Mohamad is seventeen years old and he is getting his first taste of combat in Salaheddin. But he is learning the tricks of insurgency warfare from a veteran. In the street behind the apartment block where Mohamad makes his weapons, Abu Shahoum shows him how it should be done. “These are never going to work; the oil is too heavy,” he says, lighting one of his Molotov cocktails and throwing it on the ground to demonstrate. Abu Shahoum is thirty-five, a Syrian who served in Assad’s army, joined the jihad against the US forces in Iraq in 2003, and returned to his home country only to be arrested by the security services and imprisoned for four years.

When he was released he worked as an electrician, but when civil war erupted in his home city he left his job and joined the rebels. “War is better than that prison cell,” he says. The scars covering his lower legs tell the story of the beatings and torture he endured while he was incarcerated.

More than three hundred Syrian jihadists were arrested and imprisoned by Assad’s security forces when they returned from Iraq. “The group we fought with there was banned by the regime,” says Abu Shahoum. “They accused us of plotting to destroy Syria but that was never the case. We went to Iraq to help our Muslim brothers because the Americans were occupying the country. We knew that Saddam was a dictator but the occupation was something worse.” Most of those prisoners were released when the uprising started, instructed by the security forces to let their friends know that Assad would reform the government. “We’ve had forty years of this regime,” Abu Shahoum laughs. “We knew that was a lie.”

He says that Syria is a different type of war to Iraq, a harsher and dirtier war. “The Americans only attacked the military bases. It was an organised war. But here Assad’s soldiers are targeting civilian areas.” More have responded to the call of jihad here, too; Abu Shahoum says that he has fought alongside Spaniards, Chechens and Bulgarians on the frontline. “There are too many foreign fighters here,” he says.

And of course there are the foreigners fighting on the other side, too. The rebels in Salaheddin say that for the past four months they have heard soldiers on the regime’s side speaking in Persian, or in Arabic with Lebanese accents. “The Iranian soldiers and Hezbollah are professionals,” says Abu Shahoum. “I don’t believe that the Syrians who are fighting on the government side really have the heart to kill their own people. They have to bring these foreigners in.” One month ago the rebels were entering a factory in Salaheddin when they came face to face with fifty fighters from Iran’s Republican Guard, dressed all in black with pictures of Ayatollah Khomenei printed on the backs of their shirts.
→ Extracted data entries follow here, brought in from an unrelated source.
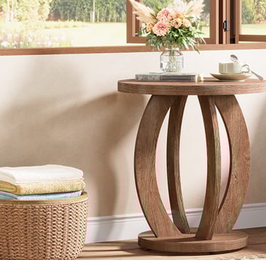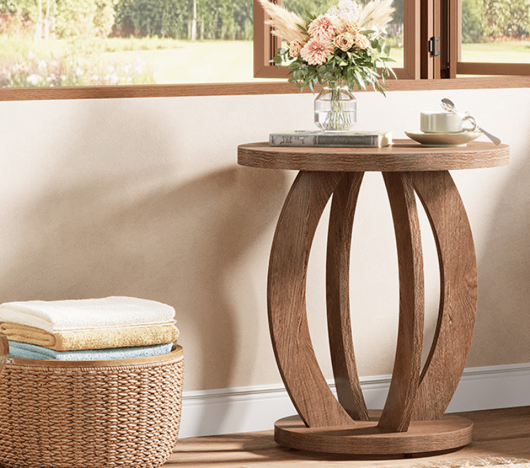 Transform your space with this sculptural round side table that adds warmth and elegance. Make any corner your new favourite spot.
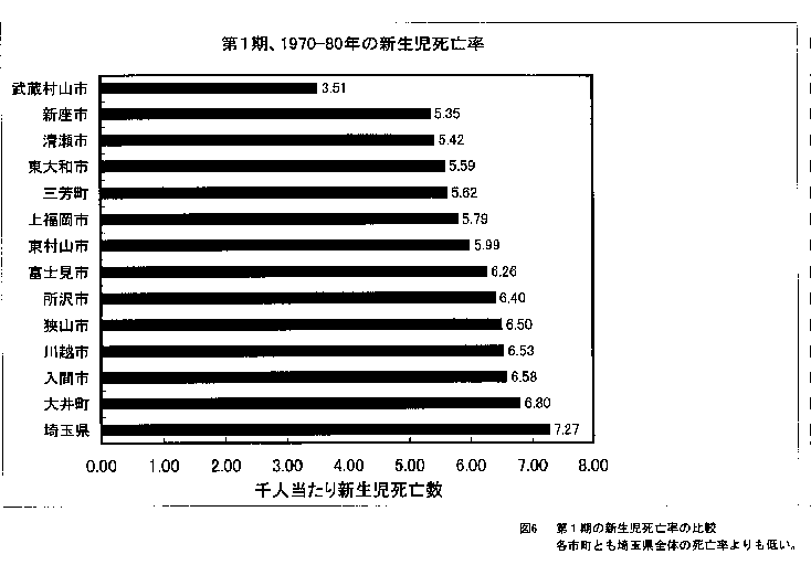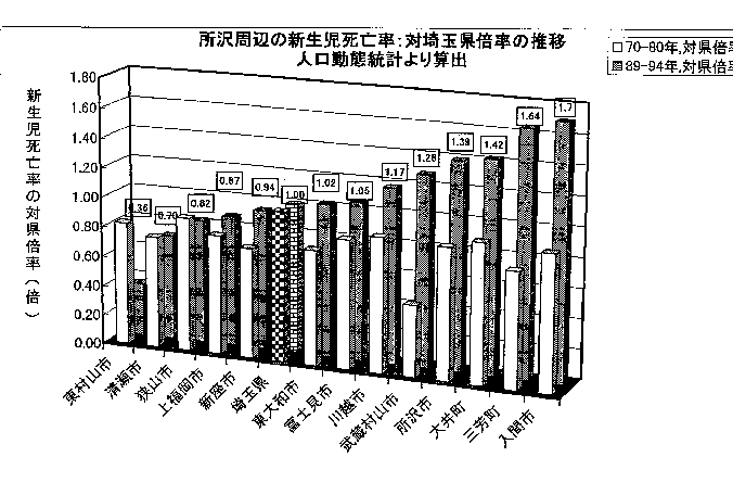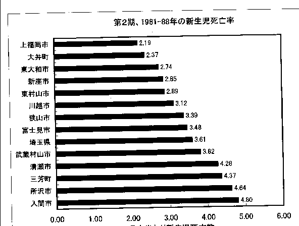 くぬぎ山〜所沢インター周辺の産廃焼却施設密集地域とその周辺における健康被害調査を行ったところ、この密集地域を抱える所沢市、三芳町、大井町そして入間市において、最近6年間の新生児死亡率(出生後4週間末満の新生児千人当たりの死亡数)が県平均より1.4〜1.7倍も高いことが明らかになりました。この調査結果について報告します。使用したデータは厚生省の人口動態統計です。
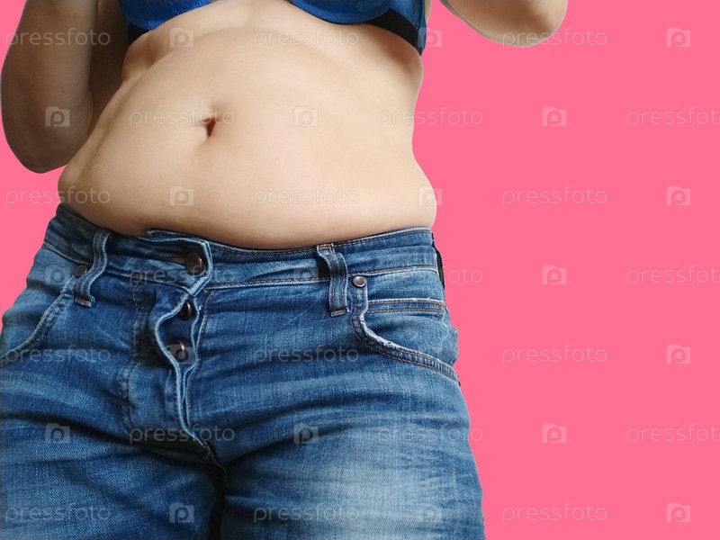 Обвисший живот. Складки кожи и жира сбоку нависают над талией джинсов. Фигура, испорченная перееданием или беременностью. Ожирение и диабет. Тихоокеанский розовый. Целлюлит дряблых мышц
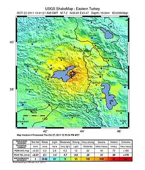 The Turkey Earthquake 2011 struck eastern Turkey near the city of Van (map). Wikipedia:2011 Van earthquake has details and news links.
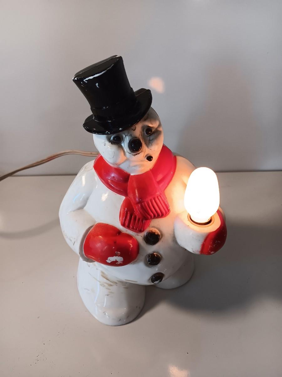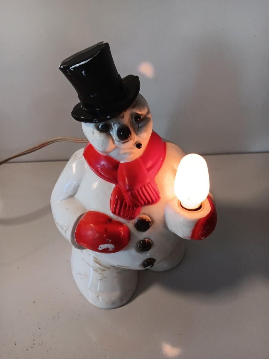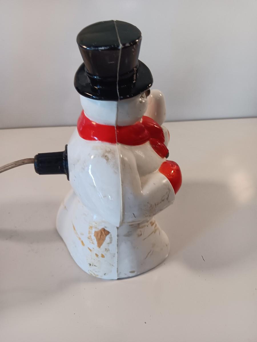 Working Vintage Hard Plastic Christmas Snowman Light, 1950's
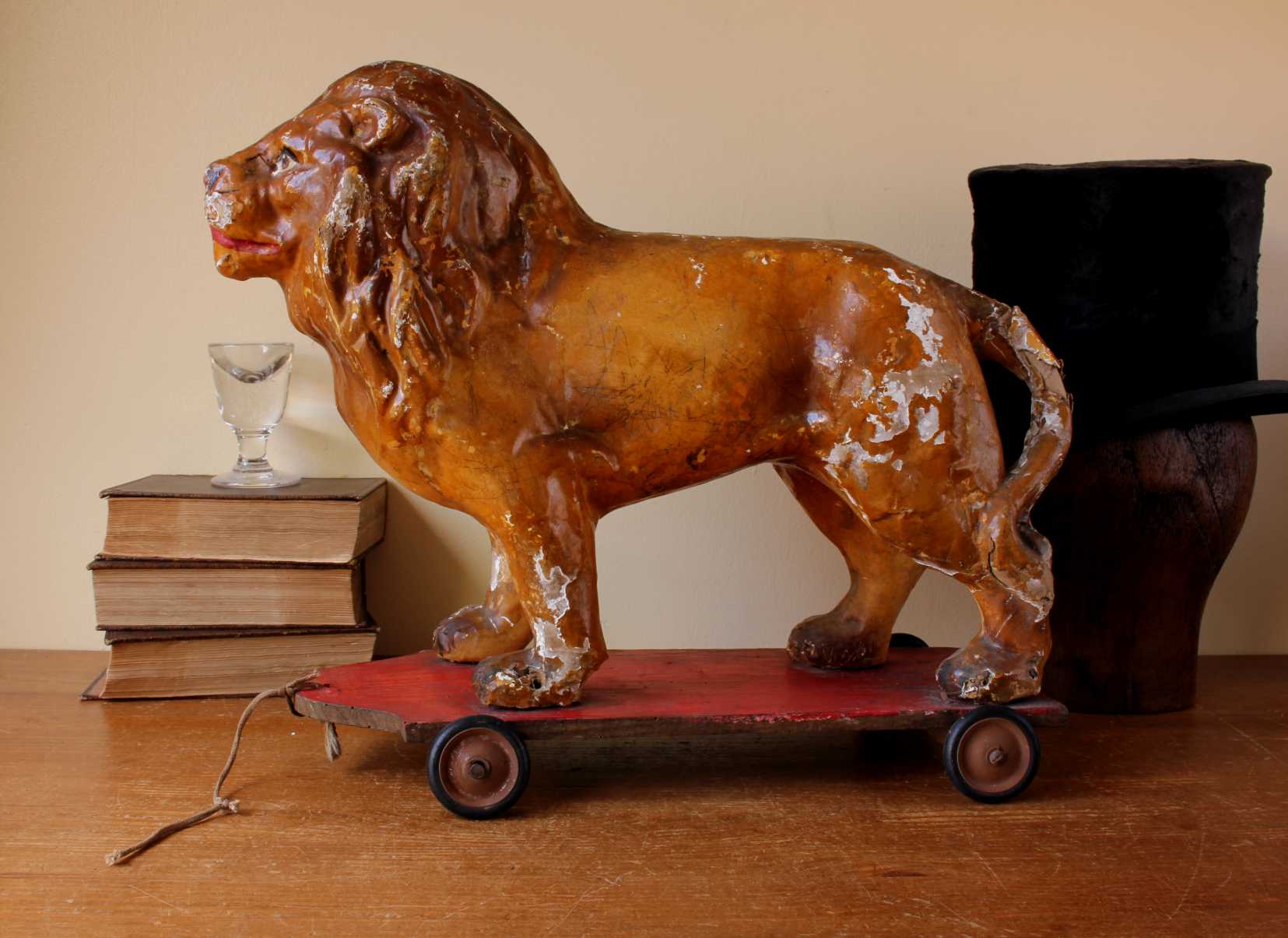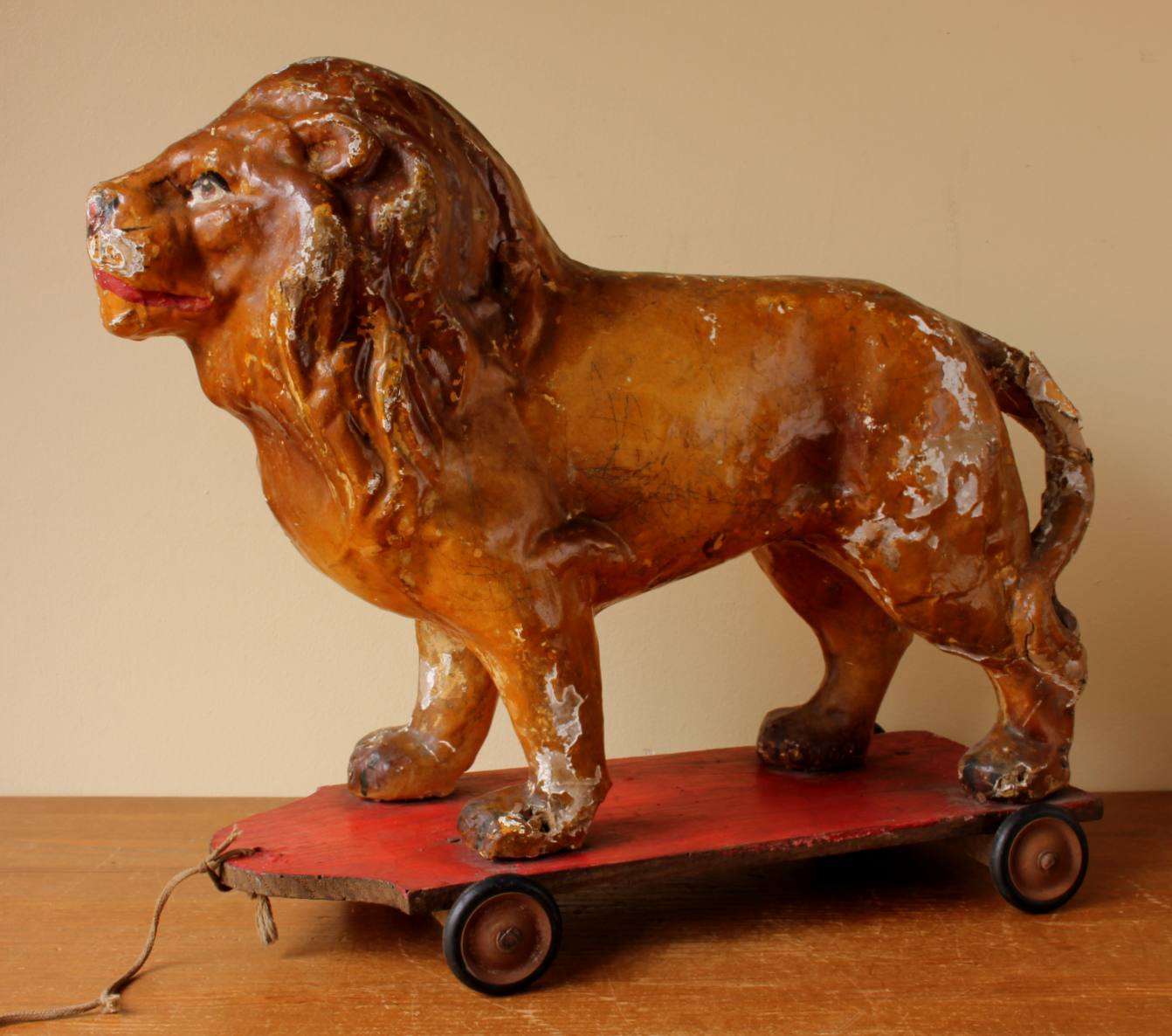 This handsome lion which originates from France is a pull along toy and dates from the early 20th century.
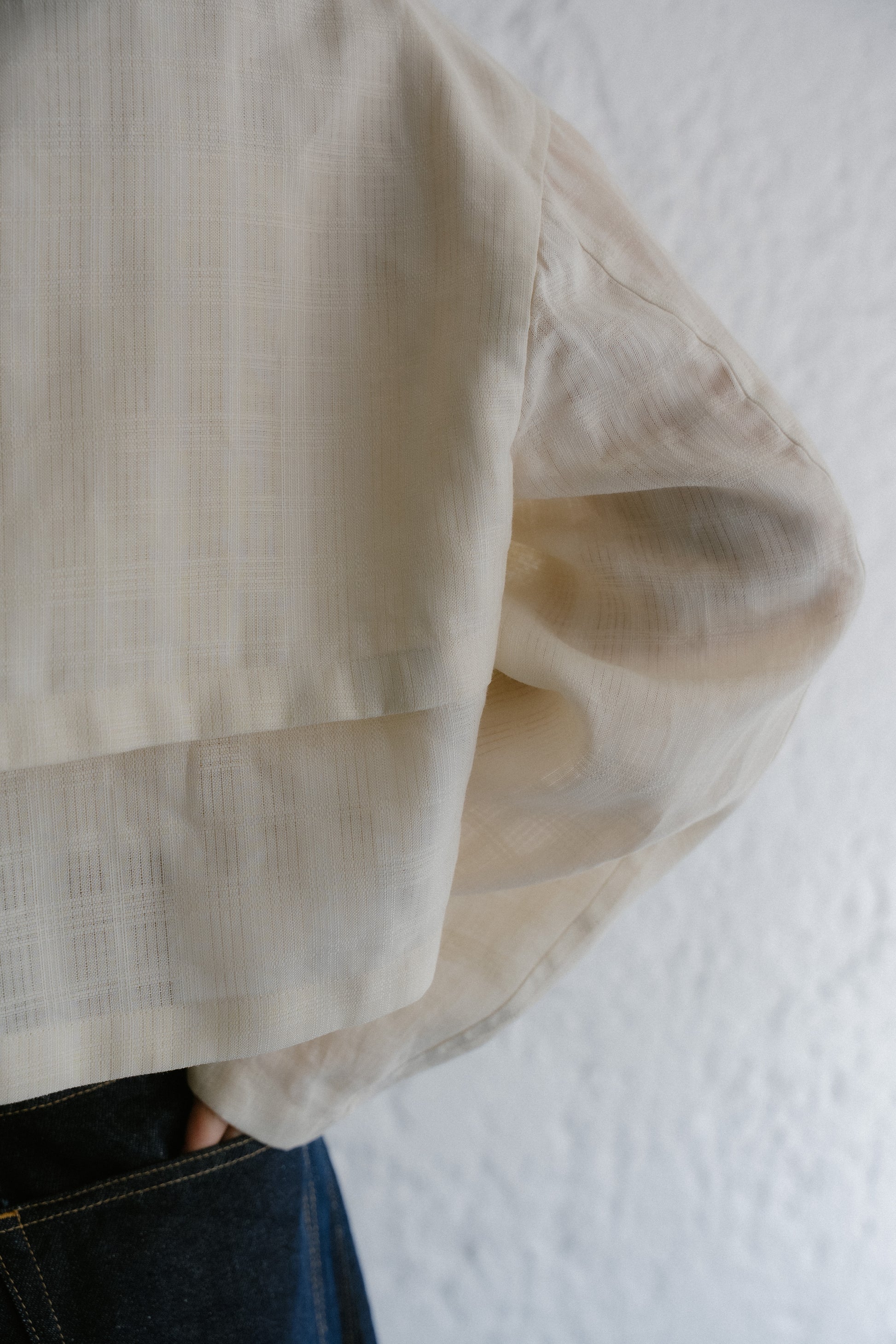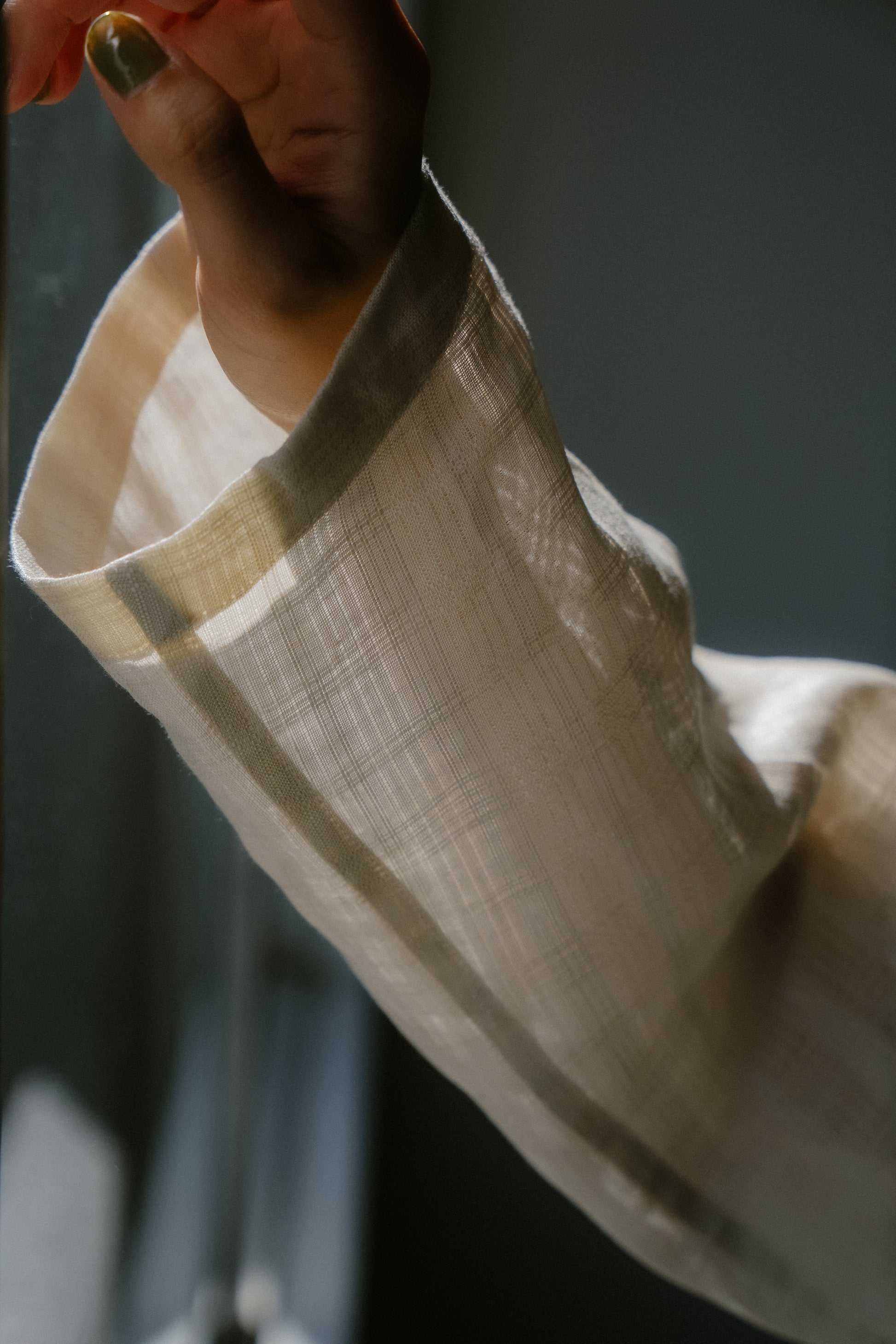 本品採用多臂織造的格紋布料,具有苧麻特有的堅韌質感。經過水洗處理,質感柔軟親膚。

A firefight ensued; eight rebels and fifteen Iranians were killed. “They are professionals but they still need to come and train with me,” smiles Abu Shahoum.

It is pushing forty degrees in the afternoon heat of Salaheddin. Inside the apartment blocks the air hangs so thick that it is difficult to breathe. Sweat drips down my face and into my eyes as I follow the rebels up and down the dark stairwells, sprint across sniper alleys and clamber through the roughly hewn entrance holes. But it is Ramadan, and for the next month most of these men will do this every day without any food or drink. They tell me that it’s easy; I can’t believe them. After just half an hour I am desperate for water. “Assad’s soldiers know that we are fasting, and that we all eat together at sunset,” says Abu Shahoum, “and they are taking advantage of that.” During Ramadan, Salaheddin’s fiercest fighting starts at Itfar. The day before, two of these rebels’ comrades had been killed as they ate.

But this unlikely band of comrades—17-year-old Mohamad alongside veteran jihadist Abu Shahoum—is pushing onwards regardless. They all tell me that their faith spurs them on, and that two years of relentless war in Aleppo has brought everyone here closer to Islam. But it is especially true for the young men fighting with the rebels. Once Syria’s war is over maybe they, like Abu Shahoum, will go to join the jihad elsewhere. “They have seen how the foreign fighters came here to help them,” says Abu Shahoud. “So because of that you will find Syrian boys on other frontlines in the future.”